_WHAT YOU SHOULD DO_.
Starting at the line containing "Кто разработал сервис" and ending at the line containing "Mezi vysoce výkonné", print every line of the material below exactly, both ends included, and stop there.

_DATASET RECORDS_.
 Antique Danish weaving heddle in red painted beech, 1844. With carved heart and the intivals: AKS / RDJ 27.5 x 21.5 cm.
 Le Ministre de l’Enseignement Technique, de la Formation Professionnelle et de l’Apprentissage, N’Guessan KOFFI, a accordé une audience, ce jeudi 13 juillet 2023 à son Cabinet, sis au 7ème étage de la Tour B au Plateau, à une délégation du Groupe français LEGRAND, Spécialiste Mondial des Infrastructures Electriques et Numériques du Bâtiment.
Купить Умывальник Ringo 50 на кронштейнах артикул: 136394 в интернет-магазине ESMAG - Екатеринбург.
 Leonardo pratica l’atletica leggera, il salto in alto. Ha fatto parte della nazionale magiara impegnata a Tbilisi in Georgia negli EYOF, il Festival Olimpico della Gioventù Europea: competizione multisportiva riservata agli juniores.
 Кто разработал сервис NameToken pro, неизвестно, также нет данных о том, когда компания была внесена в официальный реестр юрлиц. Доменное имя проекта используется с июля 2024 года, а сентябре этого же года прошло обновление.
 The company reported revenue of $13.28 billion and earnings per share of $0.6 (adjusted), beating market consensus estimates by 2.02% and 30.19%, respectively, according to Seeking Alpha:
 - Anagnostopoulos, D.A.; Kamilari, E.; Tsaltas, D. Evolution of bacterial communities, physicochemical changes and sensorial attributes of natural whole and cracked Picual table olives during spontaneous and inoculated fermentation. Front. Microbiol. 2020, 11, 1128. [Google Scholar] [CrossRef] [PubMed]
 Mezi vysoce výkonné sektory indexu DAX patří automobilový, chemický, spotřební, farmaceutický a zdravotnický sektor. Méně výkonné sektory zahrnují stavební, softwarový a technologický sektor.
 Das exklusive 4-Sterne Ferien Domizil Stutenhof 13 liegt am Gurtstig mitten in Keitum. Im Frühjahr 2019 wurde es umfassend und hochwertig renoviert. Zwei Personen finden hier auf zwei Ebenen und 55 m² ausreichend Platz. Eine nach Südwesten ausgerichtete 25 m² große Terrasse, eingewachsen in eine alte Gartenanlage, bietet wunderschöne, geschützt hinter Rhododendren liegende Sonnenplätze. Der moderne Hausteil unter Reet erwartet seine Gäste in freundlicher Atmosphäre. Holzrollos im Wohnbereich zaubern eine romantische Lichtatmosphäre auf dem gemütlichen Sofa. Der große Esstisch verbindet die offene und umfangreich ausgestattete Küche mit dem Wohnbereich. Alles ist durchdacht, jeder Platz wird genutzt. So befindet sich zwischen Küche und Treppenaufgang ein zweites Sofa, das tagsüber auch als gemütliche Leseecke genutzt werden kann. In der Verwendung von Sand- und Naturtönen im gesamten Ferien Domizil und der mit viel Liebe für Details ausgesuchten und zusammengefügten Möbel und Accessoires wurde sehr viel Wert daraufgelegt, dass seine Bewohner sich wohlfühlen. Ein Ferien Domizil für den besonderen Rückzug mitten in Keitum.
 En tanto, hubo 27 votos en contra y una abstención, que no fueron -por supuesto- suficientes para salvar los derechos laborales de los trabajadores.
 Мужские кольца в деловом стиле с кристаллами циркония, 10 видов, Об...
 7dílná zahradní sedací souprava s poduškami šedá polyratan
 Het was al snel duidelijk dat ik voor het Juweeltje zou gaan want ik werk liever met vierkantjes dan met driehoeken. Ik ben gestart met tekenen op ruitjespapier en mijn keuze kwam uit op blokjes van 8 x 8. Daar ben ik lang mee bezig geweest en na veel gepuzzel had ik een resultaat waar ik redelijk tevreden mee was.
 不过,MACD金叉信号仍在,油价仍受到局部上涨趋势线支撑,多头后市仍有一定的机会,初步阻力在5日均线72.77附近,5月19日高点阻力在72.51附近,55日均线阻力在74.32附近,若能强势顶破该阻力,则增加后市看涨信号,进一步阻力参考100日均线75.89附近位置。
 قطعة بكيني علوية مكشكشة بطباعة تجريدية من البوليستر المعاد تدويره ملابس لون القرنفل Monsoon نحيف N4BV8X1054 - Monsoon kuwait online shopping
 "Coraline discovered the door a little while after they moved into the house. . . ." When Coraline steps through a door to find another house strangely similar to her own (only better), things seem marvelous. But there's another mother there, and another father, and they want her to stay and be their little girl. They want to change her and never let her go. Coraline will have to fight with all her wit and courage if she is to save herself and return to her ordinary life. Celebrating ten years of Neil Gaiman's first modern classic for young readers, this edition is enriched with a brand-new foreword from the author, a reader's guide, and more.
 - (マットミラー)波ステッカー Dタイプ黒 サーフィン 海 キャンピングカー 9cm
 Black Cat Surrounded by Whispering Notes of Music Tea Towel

_EXPECTED ANSWER_.
 Кто разработал сервис NameToken pro, неизвестно, также нет данных о том, когда компания была внесена в официальный реестр юрлиц. Доменное имя проекта используется с июля 2024 года, а сентябре этого же года прошло обновление.
 The company reported revenue of $13.28 billion and earnings per share of $0.6 (adjusted), beating market consensus estimates by 2.02% and 30.19%, respectively, according to Seeking Alpha:
 - Anagnostopoulos, D.A.; Kamilari, E.; Tsaltas, D. Evolution of bacterial communities, physicochemical changes and sensorial attributes of natural whole and cracked Picual table olives during spontaneous and inoculated fermentation. Front. Microbiol. 2020, 11, 1128. [Google Scholar] [CrossRef] [PubMed]
 Mezi vysoce výkonné sektory indexu DAX patří automobilový, chemický, spotřební, farmaceutický a zdravotnický sektor. Méně výkonné sektory zahrnují stavební, softwarový a technologický sektor.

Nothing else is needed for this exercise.